About me
I am a final-year computer science Ph.D. candidate at Northeastern University, affiliated with the Network Science Institute and advised by Professor Tina Eliassi-Rad. My research interests lie at the intersection of graph machine learning, algorithmic fairness, and the societal impact of AI. I am supported by the NSF GRFP.
In August 2025, I will begin as an Assistant Research Professor (postdoc) at Cornell mentored by Professors Moon Duchin and Jon Kleinberg.
My research aims to improve the trustworthiness of machine learning applied to complex systems. I focus on developing representation learning that is efficient, stable, and fair.
I have worked as a sociotechnical researcher at Taraaz, collaborating on projects on human-rights impact assessments and AI procurement.
I have interned at Meta Central Applied Science (CAS) and FAIR AI and was previously a software engineer at Bloomberg LP. I graduated from Princeton University with a concentration in Computer Science and a certificate in Statistics and Machine Learning.
News
- [Nov ‘24] I will give a talk at Brown University’s CNTR. My slides are available here.

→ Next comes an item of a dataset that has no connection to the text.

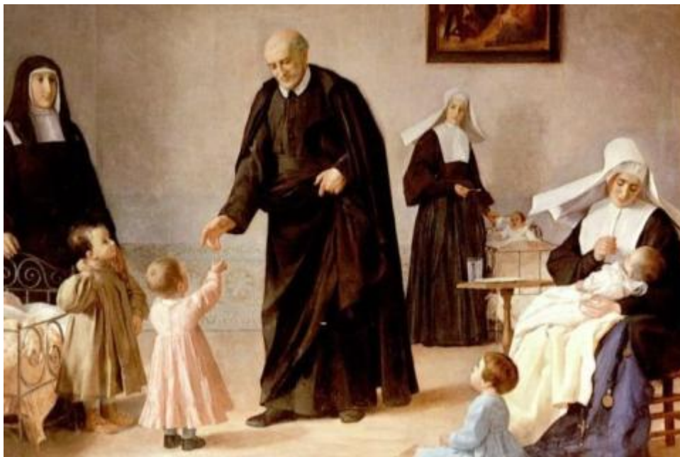
Representación pictórica de san Vicente de Paúl. Autor: Anónimo /Año publicación original: 1963/ Fuente: Anales españoles. (Foto: cortesía vincentians.com/es)

Este hombre de Dios se dejó tocar hasta la médula por un Maestro que pide asumir la cruz, levantarla y hacer suya la de otros. No es tan sencillo, y lo sabemos bien los cristianos que, entre luces y sombras, hacemos opción por seguir también las huellas del Resucitado con sus marcas de crucificado para que, sin masoquismo y con entereza, no se nos olvide que la vida en esperanza va tocada por el dolor propio y el ajeno.

- [May ‘24] New preprint on negative sampling.
- [Feb ‘24] I presented a talk titled “Toward Understanding Mechanisms of Unfairness and Moving Beyond Demographic Attributes” at the MSR New England ML Ideas Seminar. My slides are available here.
- [Feb ‘24] This summer I will be a PhD Research Scientist Intern on the Graph Science and Statistics Research team at Meta Central Applied Science (CAS) in Menlo Park.
- [Jan ‘24] This spring I am the Instructor of Record for Introduction to Machine Learning and Data Mining (DS 4400) at Northeastern.